The girls are thankful and go along with the provided excuses, and most of the khalasar seems unfazed, or as unfazed as they're going to be.  Only Jorah seems to truly ignore what now is almost painfully obvious.

They hold hands and it could mean any of the things Kovarro says, maybe it means all of them.  Dany sometimes catches herself looking askance at the brunette, trying to read her features and cursing that she can’t.  She wants her explanation, but she cannot push, she knows this.

It may be a while.  Doreah only speaks when spoken to, if then.  She is polite enough when she needs to be, but she’s half a ghost, a part of her stayed behind somewhere and the rest of her suffers for it.  Everyone can see that much, at least, and they give her a wide berth.  It’s superstitious, really.
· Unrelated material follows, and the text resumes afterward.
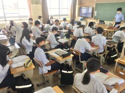 2年6組の授業(社会)の様子! 公開日 2022/06/08 更新日 2022/06/08 学校 8日(水)、2年生6組の1時間目は、社会の授業でした。生徒は、PC端末を利用して、担当教員からの課題に取り組んでいました。
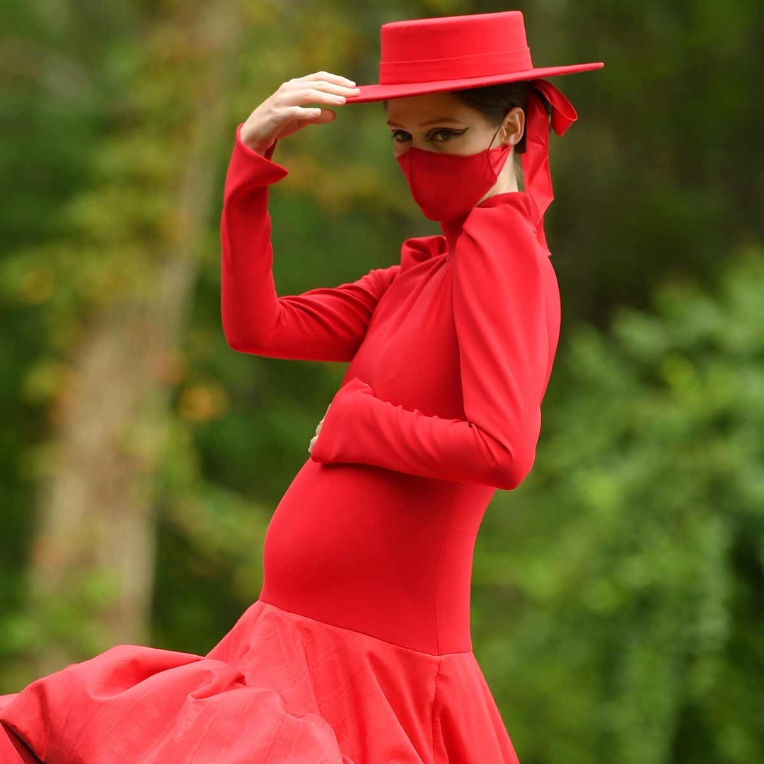 Dressed in a red, over-the-top gown that flowed behind her, the 32-year-old expertly walked across Christian’s grassy backyard, before coming to a stop on a tiny bridge built across a pool. Like the models before her, Coco struck a pose at that point, but rather than strut away, the mommy to be decided to walk into the water wearing the dress, mask and hat that Siriano designed—Sarah Jessica Parker supplied the shoes.

The day before they set out to sea, Daenerys asks Kovarro to please escort them one last time to the market.  Doreah braids her queen’s hair and has hers braided by her queen in return, and they step out just like a pair of normal women.

“I want you to pick out some things for yourself,” Daenerys says as they begin to look around the stalls.

“I don’t need anything,” Doreah replies immediately, deflecting.  “I have all I need already.”

“Please?” Dany asks, inwardly cursing the desperation in her tone.  “Let me do something for you.  We will need to blend in to different societies, after all.”

“We?” Doreah echoes faintly.

“Where I am, I want you to be,” Daenerys says, becoming equally timid as she adds,  “If you want to be.”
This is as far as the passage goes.